Yeah but theres a catch as well - the timetables/schedules are scrapped too. So you wont know when will the bus arrive or will it even arrive at that day.
It doesn’t sound great when you realize you cant really enjoy a free bus ride when theres no bus coming.
Eh I wish - Im not sure which media can be considered as reputable sources in Serbia, but you can find more info here. Just use a translator or something.
Tl;dr - they’ll basically switch to a dynamic plan which indicates when circa the bus will arrive, but this is just a ploy to hide that busses are not arriving on time or at all.
I wouldn’t praise this move at all, it is not doing anything good for those living in Belgrade.
At least they even have decent transit. So many places in north america have never on time hourly bus service that takes 3 times as long, or buy a car. Thats it. Those are the only options unless you have the time and capability to walk 7 kms one way to your grocer, and another 10 to your employer.

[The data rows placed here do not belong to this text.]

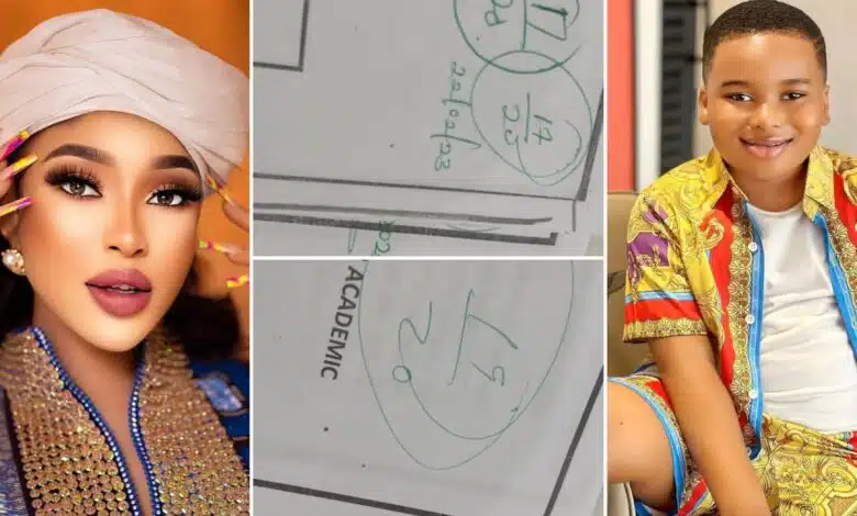 “My head is bigging” – Photos of Tonto Dikeh’s son’s grades in school surfaces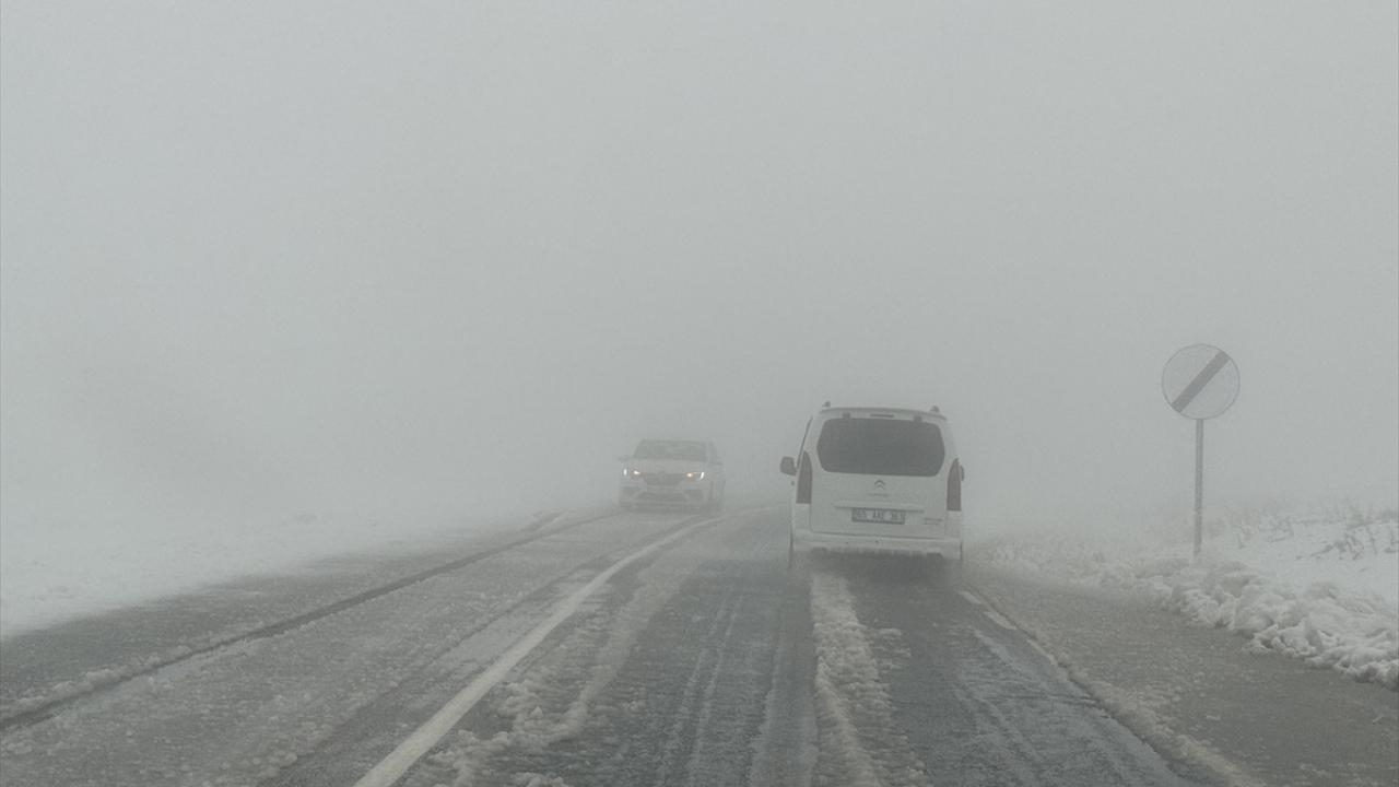 Kar ve yoğun sis nedeniyle ilerlemekte güçlük çeken sürücüler, araçlarını yol kenarına çekerek bir süre bekledi.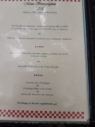 Au menu pour 25 euros, nous avons opté pour le duo d'œufs meurette (dont un très original à la sauce à l'époisses, une tuerie !), une grande cocotte pour deux de coq au vin et ses légumes et ses desserts maisons. La carte des vins est large et même si vous optez pour le pichet de 50 cl à 24 euros, se sont les crus locaux qui vous sont proposés : Mercurey, Givry ou autre Santenay 2019. L'accueil est aussi agréable que les portions sont généreuses et si vous souhaitez connaître des anecdotes sur le château voisin, n'hésitez pas à les demander au propriétaire du Petit Blanc, il connaît très bien les lieux ;-) Juste un petit axe d'amélioration qui m'empêche de lui décerner les 5 étoiles : Le chocolat qui nappait les profiteroles n'était pas chaud ou tiède comme le veut la tradition, mais ça ne nous empêchera pas de revenir car l'adresse est fort gourmande et...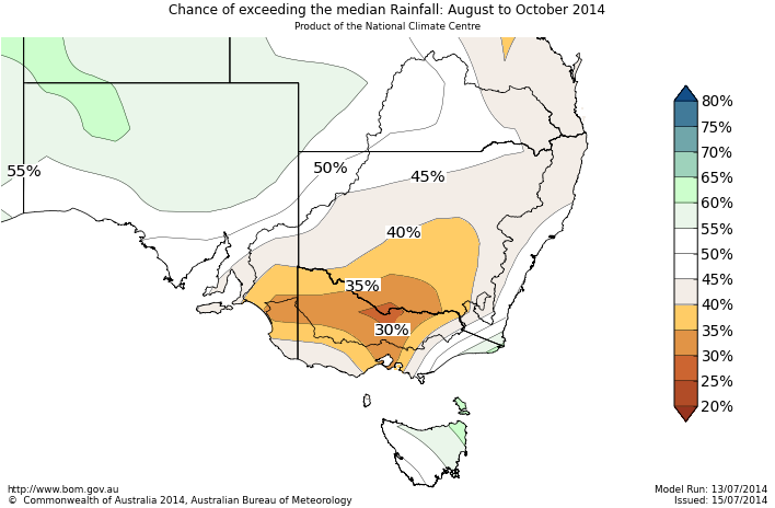 The chances of receiving above median rainfall for August to October are less than 40% over southern NSW, central and western parts of Victoria, and southeast SA. In other words, the chances of below median rainfall is greater than 60% in these areas. For every ten August to October periods with similar odds to these, at least six of them would have below-average rain.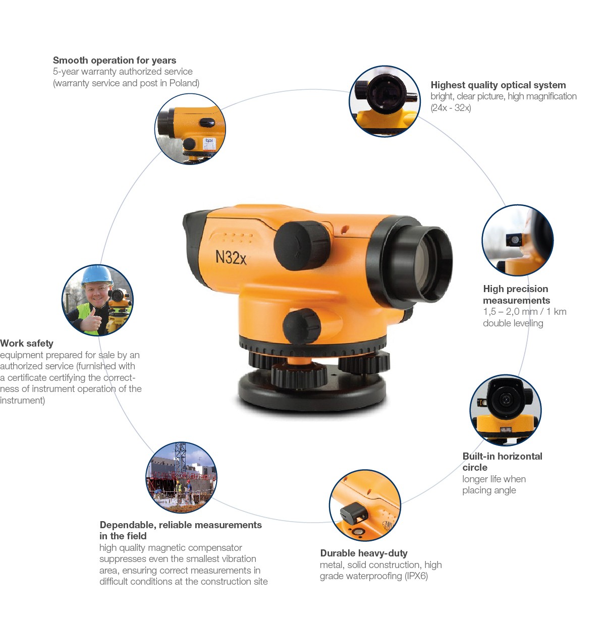 Thanks to the high quality of the optical system ( lunette with a magnification of 32x) level ensures accuracy of 1,5 mm per 1 km in double run. Level can be used both for construction tasks and the exacting geodetic measurements . The image in the lunette is clear and legible.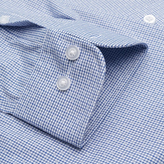 Thomas Dylan Blue Crossfire Dobby Check Spread Collar Dress Shirt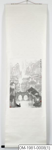 Jiang cheng chao wu, gengshen nian; "Stad vid Yangzi-floden i morgondimma: Gengshen-året (=1980), Signatur: Zhang Ping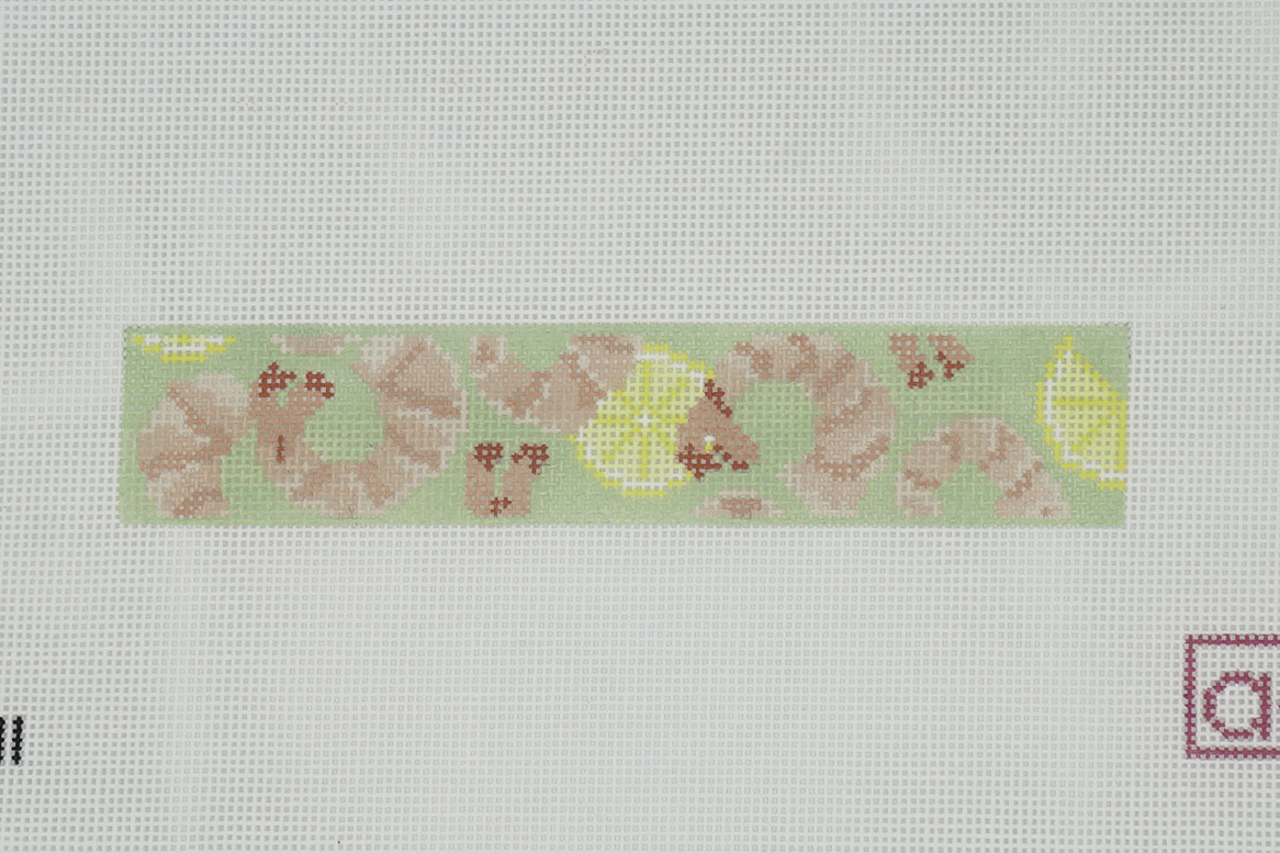 Love shrimp cocktail? Dress your keychain for summer with this fresh design of shrimp and lemons on a mint green background. Design is 6.5 x 1.5” on 18 mesh. AOK 181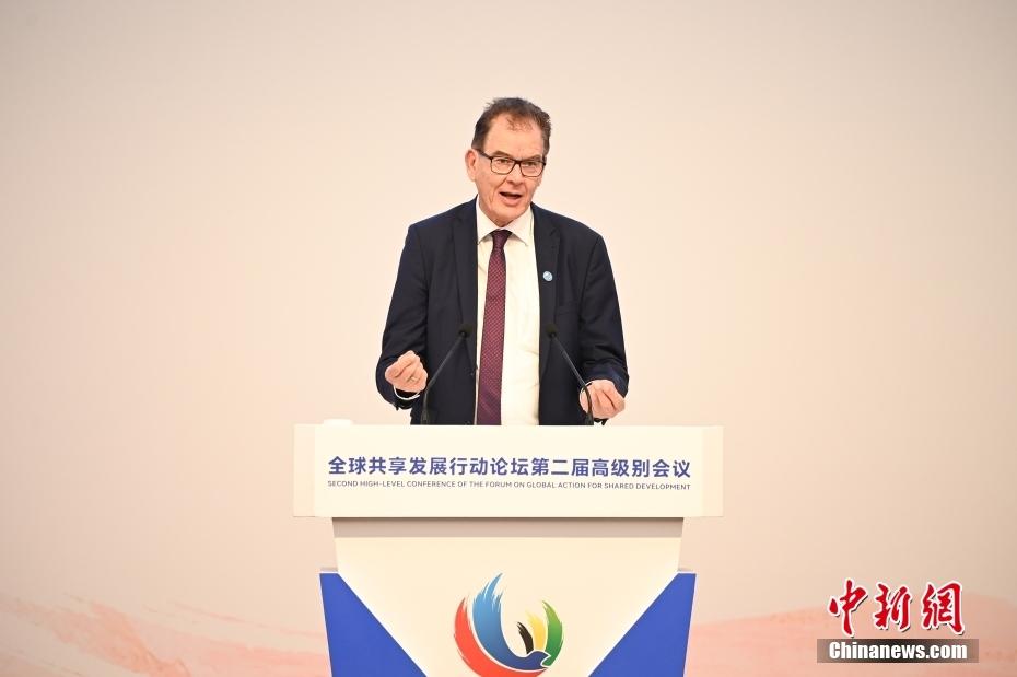 7月12日,全球共享發(fā)展行動(dòng)論壇第二屆高級(jí)別會(huì)議在北京舉行。圖為聯(lián)合國(guó)工業(yè)發(fā)展組織總干事穆勒在開(kāi)幕式上發(fā)言。中新社記者 田雨昊 攝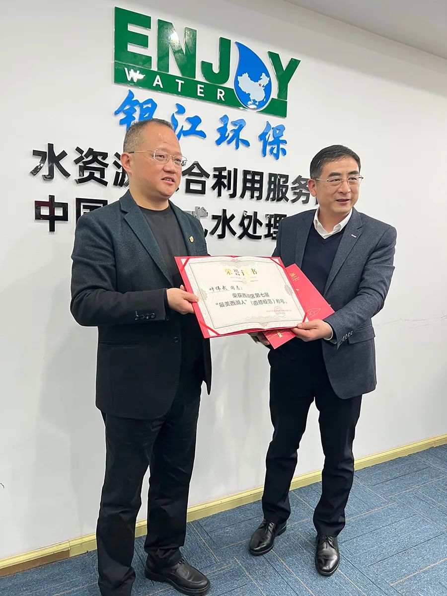1月13日上午,西湖區(qū)領(lǐng)導走訪銀江環(huán)保,區(qū)委副書記陸志敏為董事長葉偉武頒發(fā)西湖區(qū)第七屆“最美西湖人”(道德模范)稱號榮譽證書。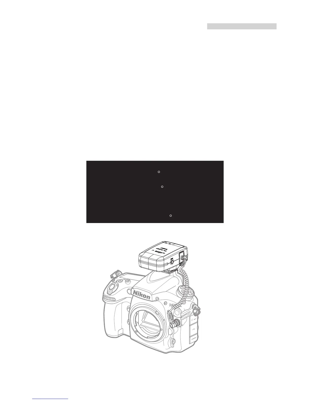 3.Connect the receiver to the camera via the data cable. Plug one end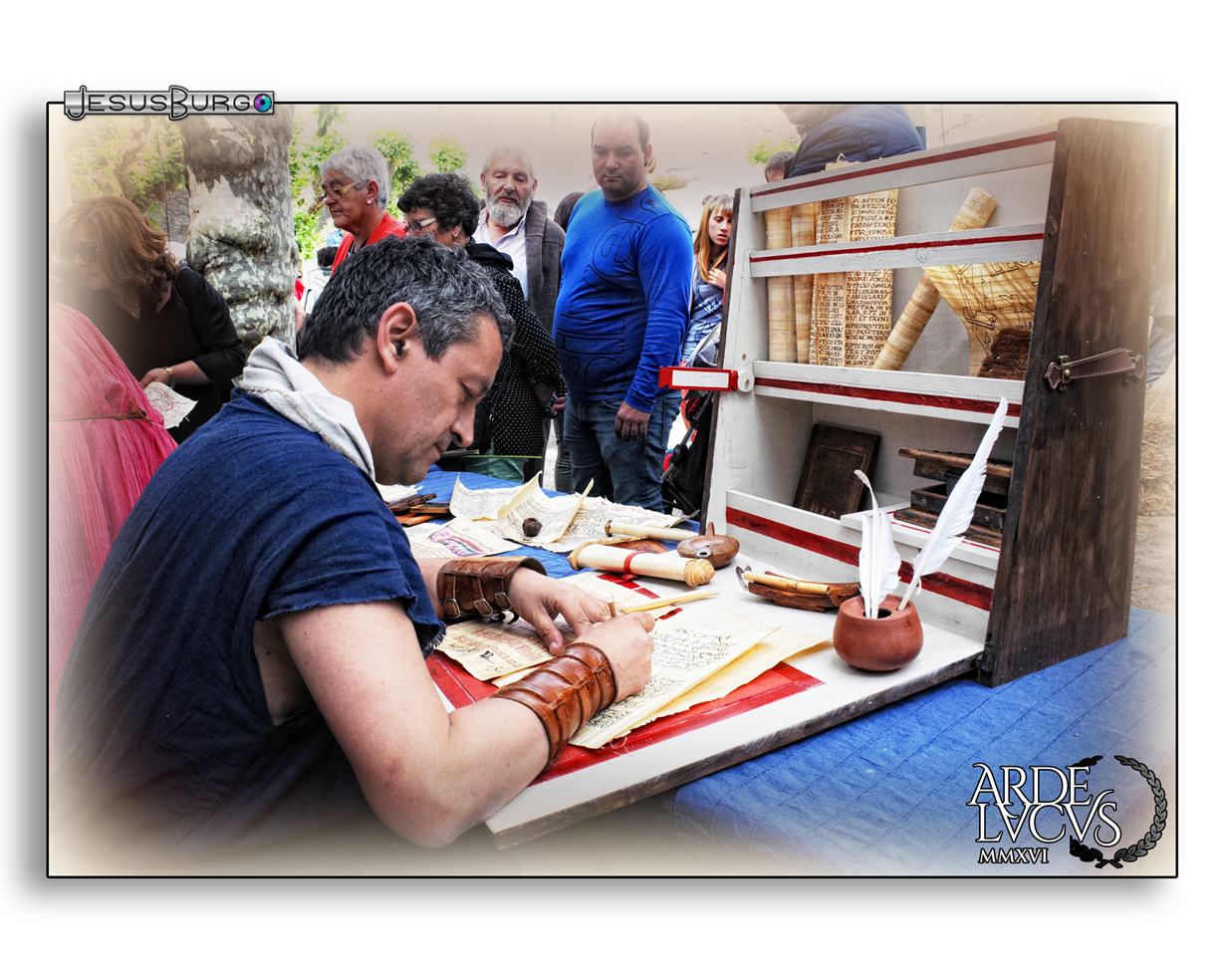 Es que cuando Caetra nació, justo nació la asociación de Cacabelos y nos conocimos en Las Médulas, quedamos un día en Las Médulas para conocernos, porque ellos habían visto lo que estábamos haciendo y les dejamos los moldes para hacer los escudos, les dejamos las plantillas de los dibujos, y son , para mí, unos grandísimos amigos. De hecho yo, cuando empecé con el taller de escribano, había uno de ellos que es un sibarita, y se venía los sábados, y nos juntábamos para escribir y de hecho tenemos un proyecto común, que ahora está parado por la pandemia, pero entre los dos estamos intentando hacer un proyecto importante a nivel nacional, que será una sorpresa algún día. Pero lo pasamos muy bien, pero ya te digo estuvimo en Bíbilis como dices tú, estuvimos en Cacabelos, como recreadores, yo estuve en Oporto, en Badalona, en las Guerras Cántabras, en muchos sitios.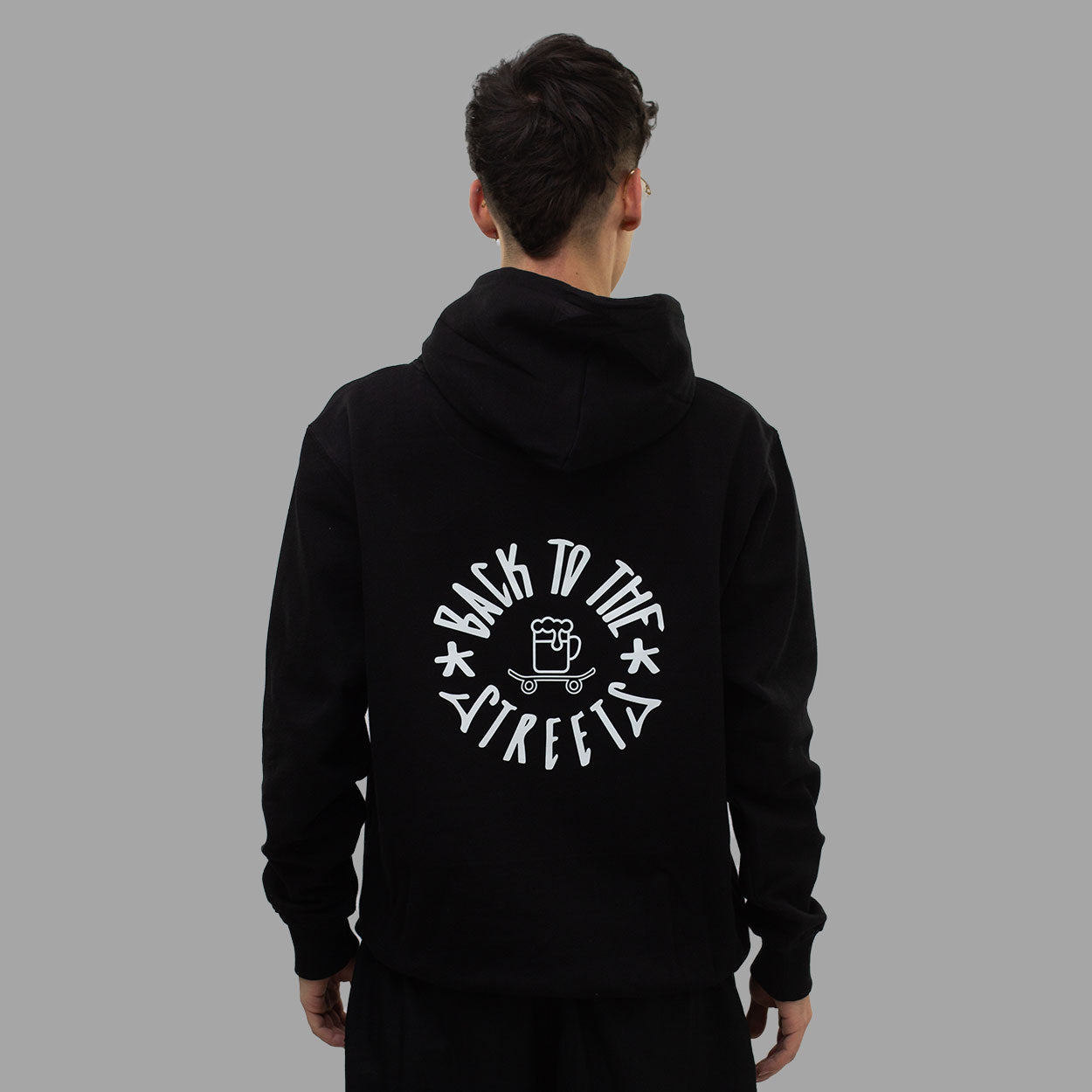 The Good Times Hood reflects everything that defines Back To The Streets for us. Skateboarding, beer and a good time.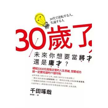 漫畫讀通柯維成功學![]() | 30歲了,未來你想要當將才還是庸才?:總結3300位高階主管的人生思維,想要成功就一定要知道的77個守則![]() | 兩分鐘有幹勁:30歲前晉身「人生勝利組」要知道的63個成功習慣![]() | |||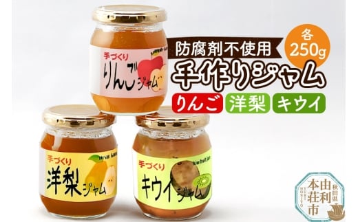 茂木農園 秋田県産 手作りジャムセットC 合計750g(りんご、洋梨、キウイ 各250g)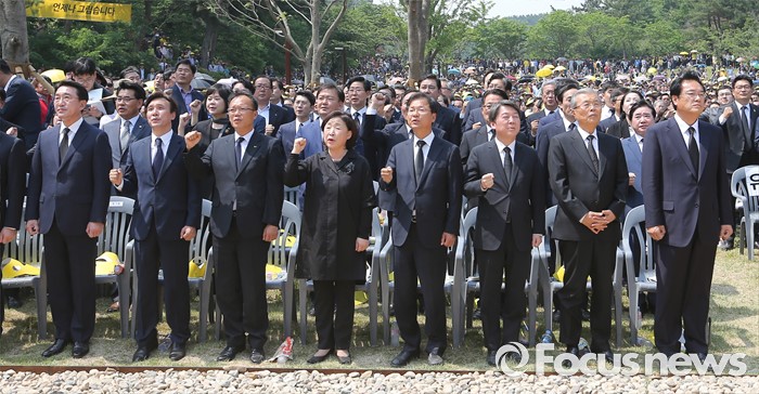(김해=포커스뉴스) 23일 오후 경남 김해 봉하마을에서 엄수된 故 노무현 전 대통령 서거 7주기 추도식에 참석한 내빈들이 임을 위한 행진곡을 부르고 있다. 앞줄 왼쪽부터 현기환 청와대 정무수석, 김민석 민주당 대표, 나경채 정의당 공동대표, 심상정 상임대표, 천정배 국민의당 공동대표, 안철수 상임공동대표, 김종인 더불어민주당 비대위 대표, 정진석 새누리당 원내대표.

D-ticket was well intentioned but a bad idea from the start.
Discalimer: not a German and I only used it once (well twice because it was impossible to buy just one month)
The administrative overhead of centrally gathering all the funds and then portioning them to individual agencies must be hell. And according to what criteria? It makes the responsibility for funding even more murky than it is.
Regional tickets also have to keep existing so it means the entire old ticketing system must remain functional even though few people are using it.
Germany led the way on tariff integration with it's "Verkehrsverbund". The difference being that service planning and ticketing were done by the same agency. Involving the central government doesn't seem like a good idea, sooner or later national politics will start influencing local transit.
First time it ever occurred to me, but now that I've read it, of course! Why wouldn't every city make this free?! Solving transportation woes is a surefire way to stoke your economy, and removing payments is going to make public transportation more efficient and cheaper to maintain (no ticket kiosks getting vandalized, no payment processors to pay). Seems like a win win for any congested city.
I see what you're saying here, but how does someone throw away a free train ride or use too many transit trips they don't need? I get sometimes homeless people will sometimes try to use transit as a place to sleep, but decent security and staff could easily handle that if it becomes problematic. I think the freedom of movement and environmental benefits are worth dealing with a couple of hiccups in free transit.
honestly when it comes to holidays the best part is having a cheap and easily navigable public transport system so you can get around to do all your cool shit painlessly. Serbia had suddenly become an interesting prospect!
Meenwhile, Nato europe about to make people into soylent green.
This is not only an efficient path to decongestion, and assiciated productivity improvement, plus poverty benefit, it us also social harmony instead of pig fucker liars vs nazi divisiveness.